One impactful program that will be on display during Wednesday’s event: Guest speakers regularly visit the Center to talk about their careers and the kinds of jobs available where they work. To maximize the value of these visits, a video production crew made up of students interviews each visitor, and those edited videos are added to the Center’s growing library of career knowledge. During the Remake Learning Days event, students will share some of the videos they’ve made and explain how they created them.
Code at the Chamber Night with PA Rural Robotics Initiative
May 18, 6:30-8:30 pm
On Wednesday night, Students in grades 4-8 will work with adult mentors to use FTW Code to pilot a Parrot Mambo drone.
“Our Remake Learning event is intended to be a fun, interactive night for students to engage in STEM through computer science and drones,” says Tim Heffernan, president and CEO of the Innovation Institute for Tomorrow, Inc. and the Pennsylvania Rural Robotics Initiative.
Heffernan and his team have included adults in the mix for two reasons: “We wanted to give the kids an opportunity to engage in an educational experience with an adult that they are close to, and we wanted the adults to get a look at what STEM looks like for their student,” he says. “We try to give our kids extraordinary STEM opportunities and sometimes the adult in their life might not know what that means. Events like this give them a snapshot of these experiences and a glimpse into the value of them.”
Like many of the Future Ready Centers, the PA Rural Robotics Initiative embraces the work of connecting folks from K-12 education, higher education and local businesses to collaborate on helping kids get career-ready.

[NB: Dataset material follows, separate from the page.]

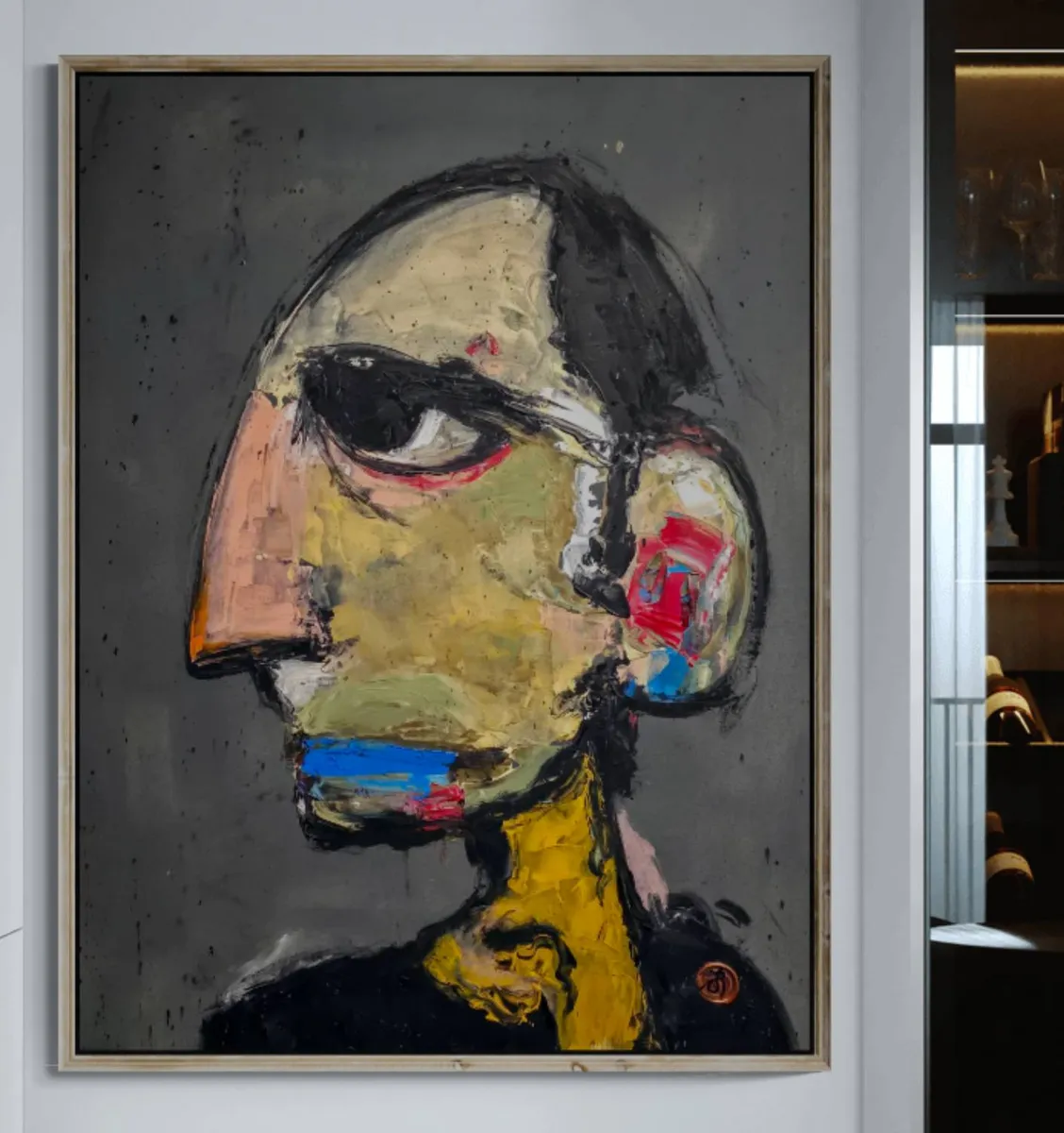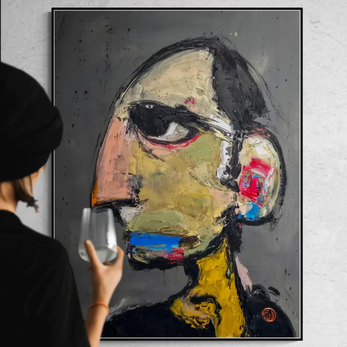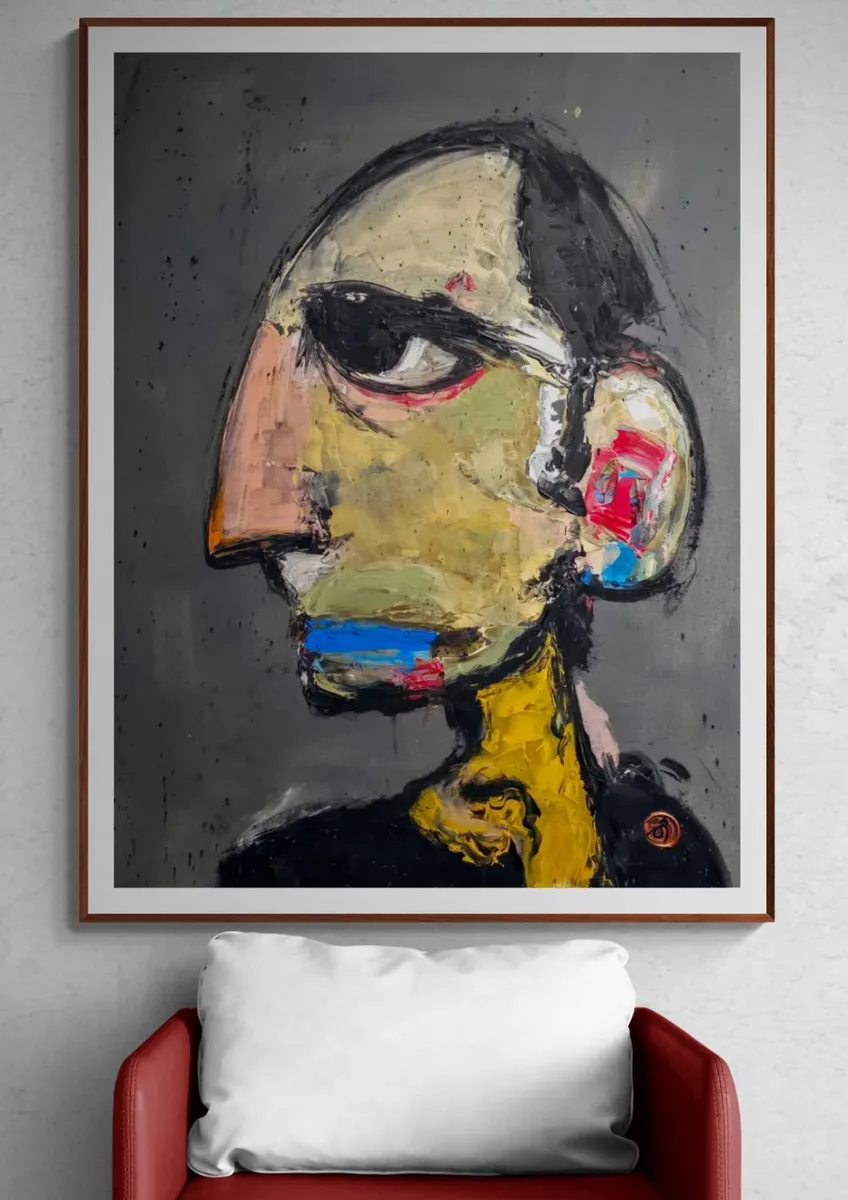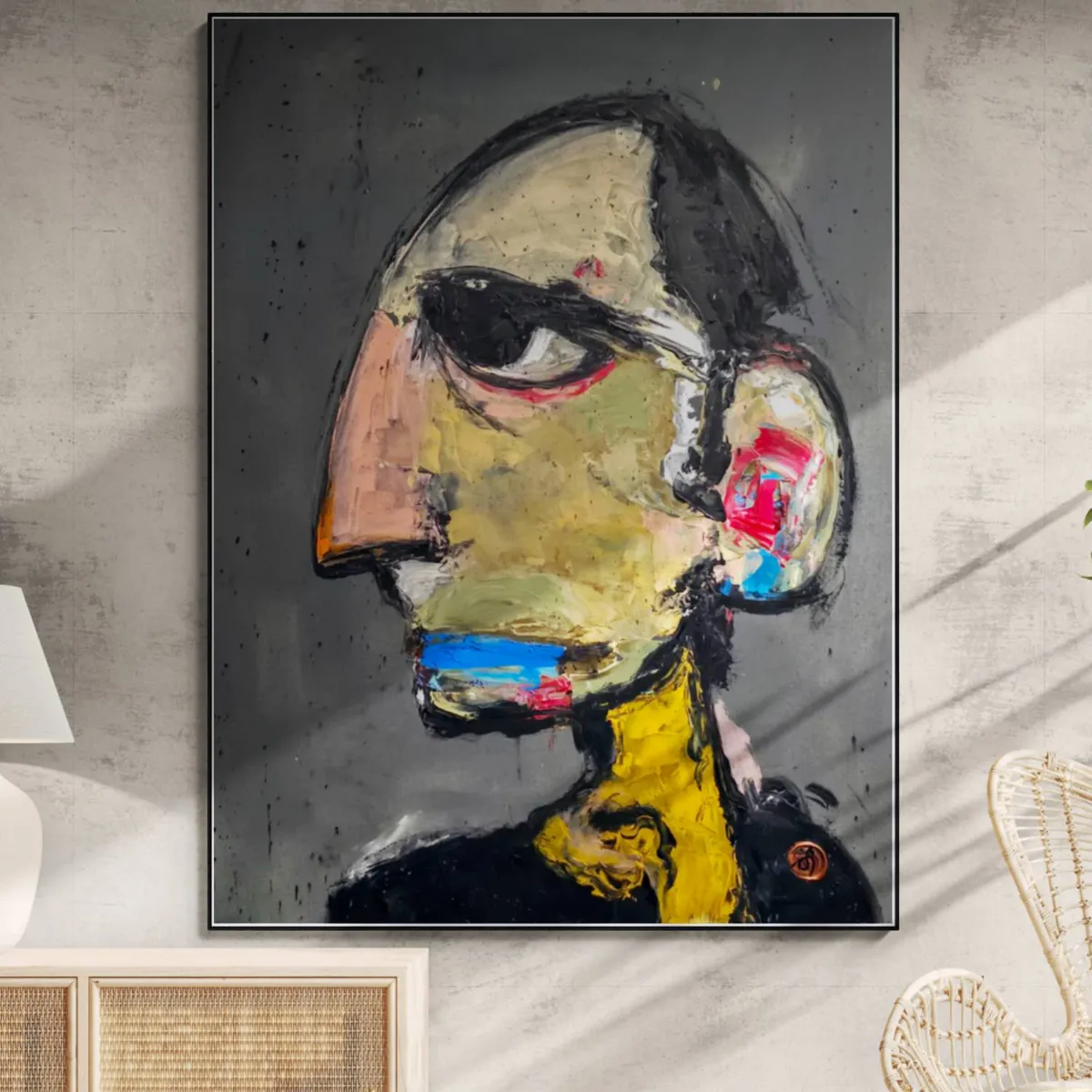 A bold contemporary character portrait inspired by the expressive visual language of Vincent van Gogh, reinterpreted through a modern artistic lens. The composition combines strong emotional presence, confident brushwork, and textured surfaces that give the figure depth and intensity. Familiar yet transformed, the character emerges with a powerful visual identity that feels both timeless and contemporary. The dynamic interplay of colour, gesture, and form creates a striking focal point, making this artwork an impactful element within modern interiors. It works equally well in living spaces, creative studios, or curated collections, bringing character, atmosphere, and artistic individuality into the environment.

“We have always said that our ecosystem is our greatest strength. Our partners all have a hand in creating and delivering content and experiences, and we wouldn’t have it any other way,” Heffernan says. “We all align in creating sustainable experiences that will prepare our kids for 21st-century careers. When we all commit to that together, it is powerful, and we usually see some pretty spectacular outcomes.”

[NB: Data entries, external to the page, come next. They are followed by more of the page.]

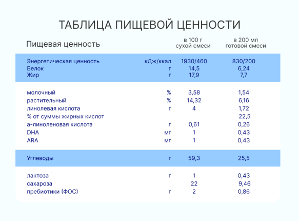 Мальтодекстрин, сахароза, масла растительные (масло соевое, масло кокосовое, масло подсолнечное высокоолеиновое), концентрат молочного белка, изолированный соевый белок, молочный жир, пребиотики (фруктоолигосахариды), натуральный фруктовый порошок Манго (мальтодекстрин, концентрат пюре манго), минеральные вещества (натрия цитрат, магния хлорид, кальция карбонат, калия цитрат, калиевые соли ортофосфорной кислоты, кальциевые соли ортофосфорной кислоты, калия хлорид, натрия хлорид, магниевые соли ортофосфорной кислоты, калия гидроксид, магния сульфат, цинка сульфат, железа (II) сульфат, марганца сульфат, меди сульфат, йодид калия, селенит натрия), ароматизатор натуральный Вкус Манго, витамины (L-аскорбиновая кислота, холина битартрат, DL-альфа-токоферола ацетат, никотинамид, D-пантотенат кальция, ретинола ацетат, тиамина гидрохлорид, пиридоксин гидрохлорид, рибофлавин, фолиевая кислота, филлохинон, D3 холекальциферол, D-биотин, цианкобаламин), нуклеотиды (цитидин-5-монофосфорная кислота, динатрия уридин-5-монофосфат, аденозин-5-монофосфорная кислота, динатрия инозин-5-монофосфат, динатрия гуанозин-5-монофосфат), таурин, инозит, эмульгатор: лецитин соевый, концентрат сухой бифидобактерий (пробиотик), биологическая активная добавка к пище "MEG-3® ‘30’ n-3 Инф Масло" (Омега-3 - источник докозагексаеновой кислоты (DHA)), ARASCO растительное масло из грибов (Омега-6 - источник арахидоновой кислоты (ARA)), антиокислитель: L–аскорбилпальмитат, L-карнитин, лютеин.
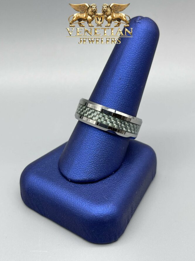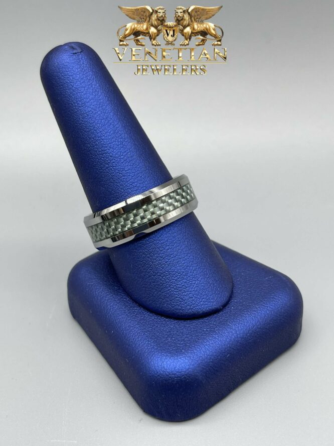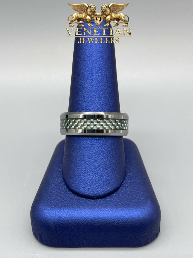 Tungsten Carbide Mens Wedding Band With Carson Fiber Design In Middle 8MM Available In Size “8 /”9 / “11 Sizes
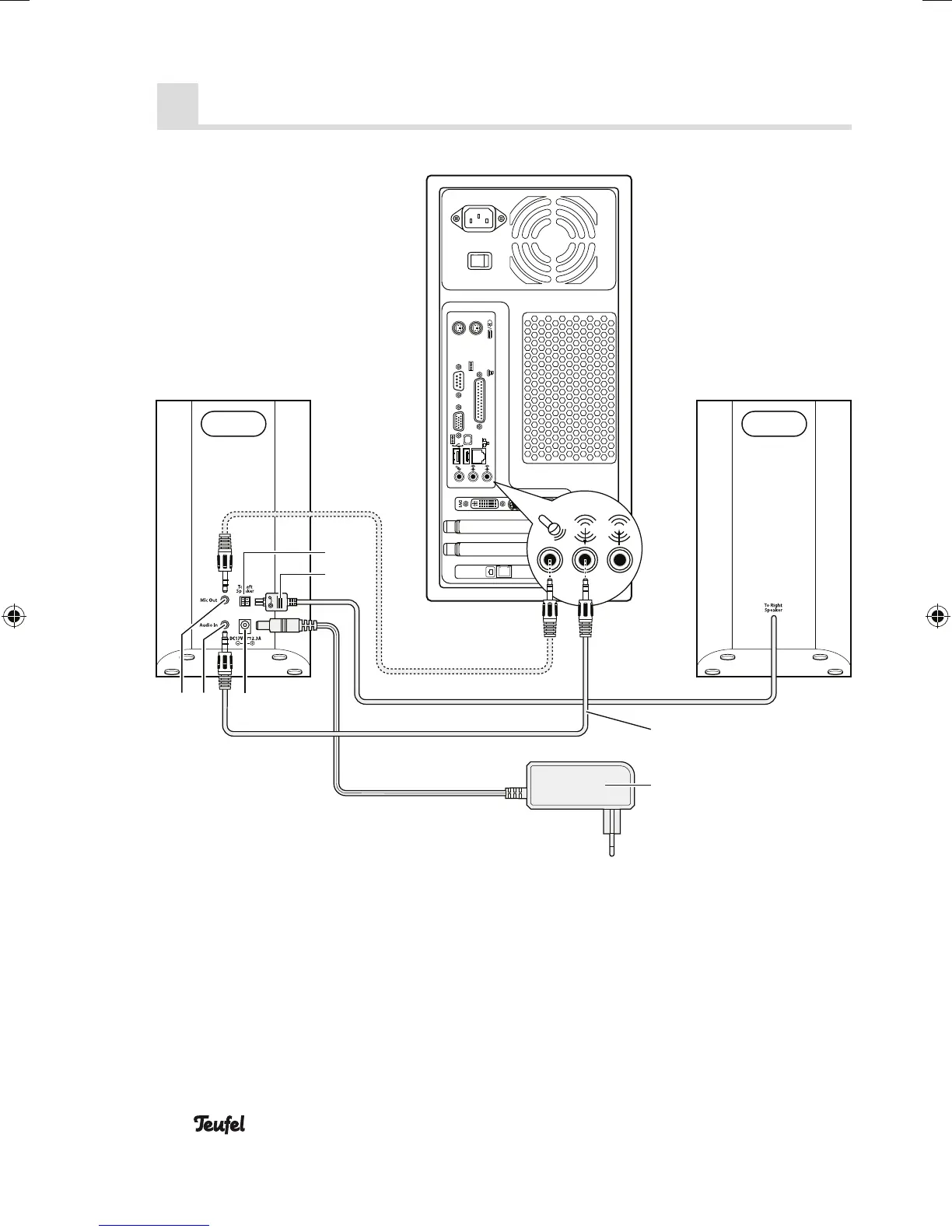 1. Insert the plug of the connector cable (9) in the jack (6) of the right speaker.
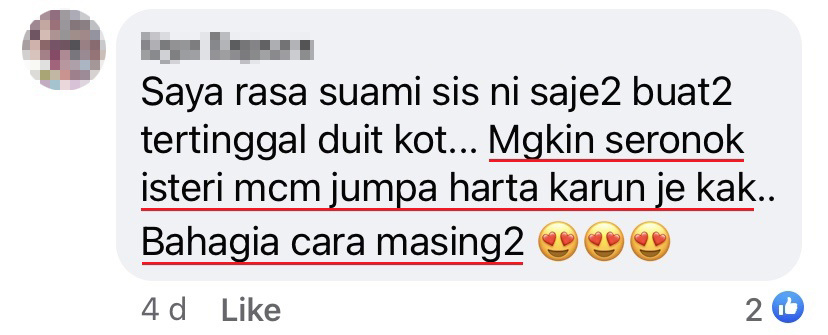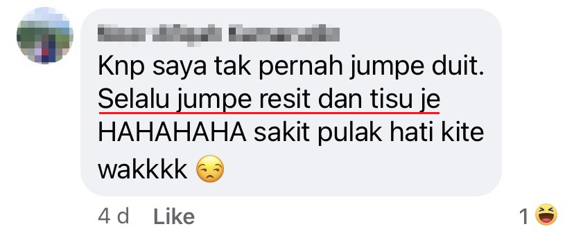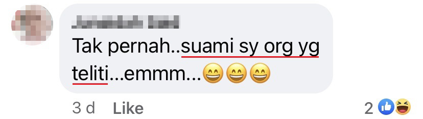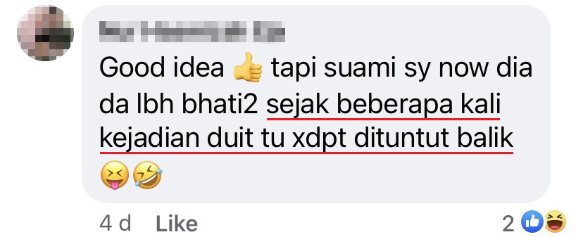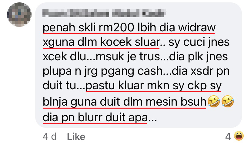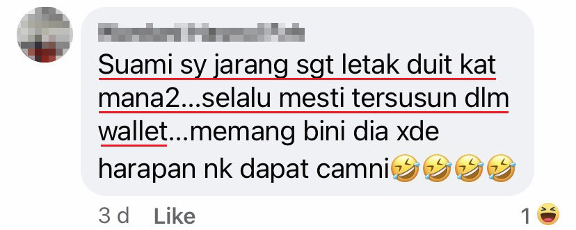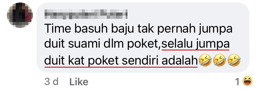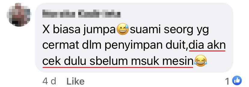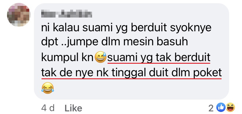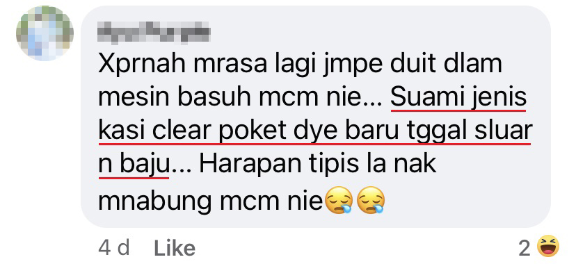 ▼ 憨憨的老公!「他曾经去银行领了RM200然后放进口袋,我洗衣服的时候发现了就跟他说,我把我从洗衣机捡到的钱花掉了,他还不知道是什么钱。」

Fluxspace STEAM Festival 2022
May 21, 10 am-4 pm
The full range of STEM learning opportunities at Fluxspace and the Experience Center where Fluxspace is located will be on display during this final showcase of the week. The goal is to show families “what creating and working and inventing and making can look like, and just give opportunities for families to come out and play in a certain area, like get excited about 3D printing and be able to take something home that’s 3D printed,” says Ryne Anthony, director of innovation at Fluxspace.
Some of Fluxspace’s industry partners will also be offering demonstrations to “celebrate some of the cool things that kids can get excited about.”

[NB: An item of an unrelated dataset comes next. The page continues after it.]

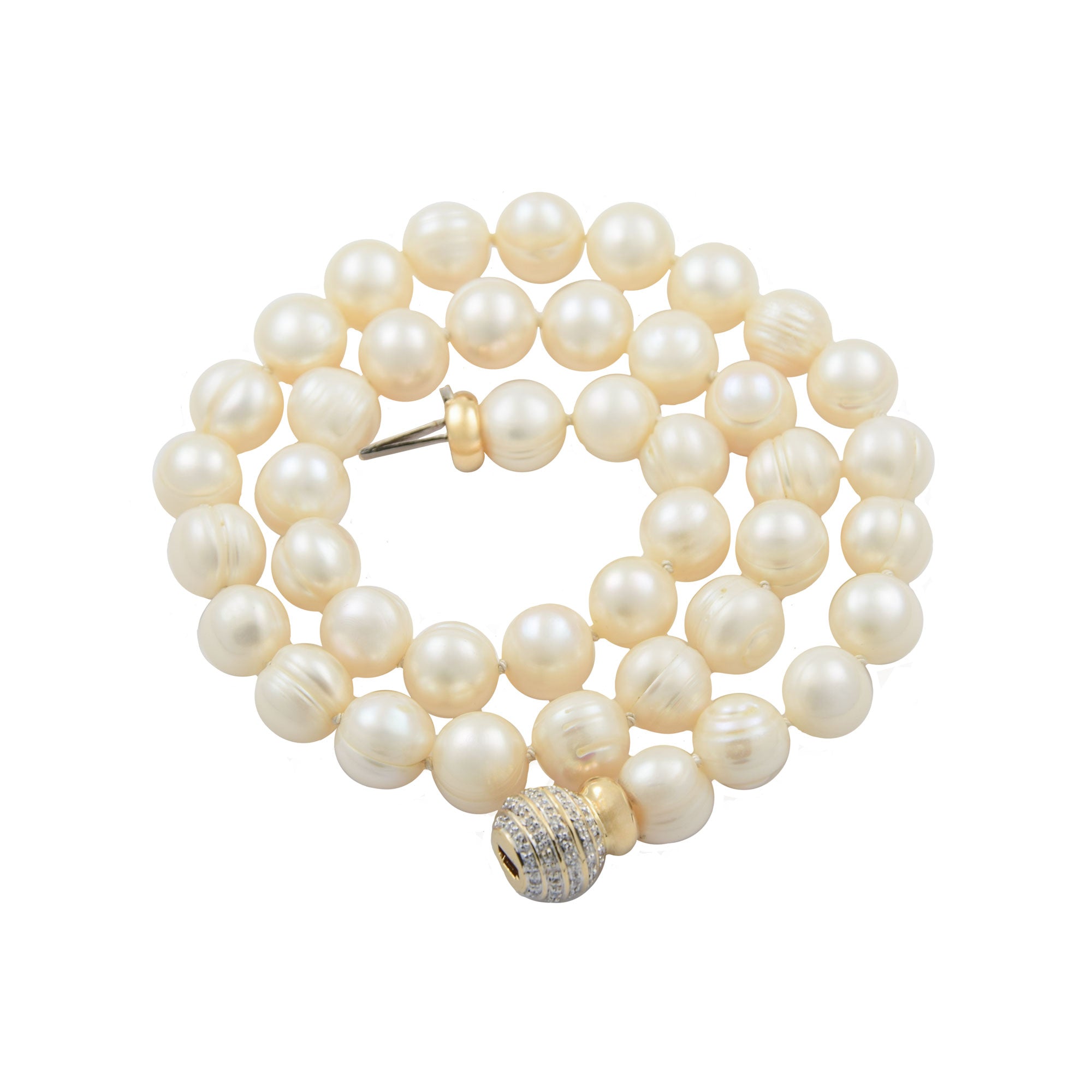 Perlenkette mit Schließe aus Gelb- und Weißgold mit Diamant

Along with its role as a place for students to learn and use their imaginations, Fluxspace also offers teacher professional development and learning support for local schools. And it’s a place where the entire community is welcome, Anthony says.
Fluxspace isn’t “just a place for students to come,” he says, “but also educators, parents or the community, to truly have it be this team effort to try to revitalize an area and try to transform the experience of learning.”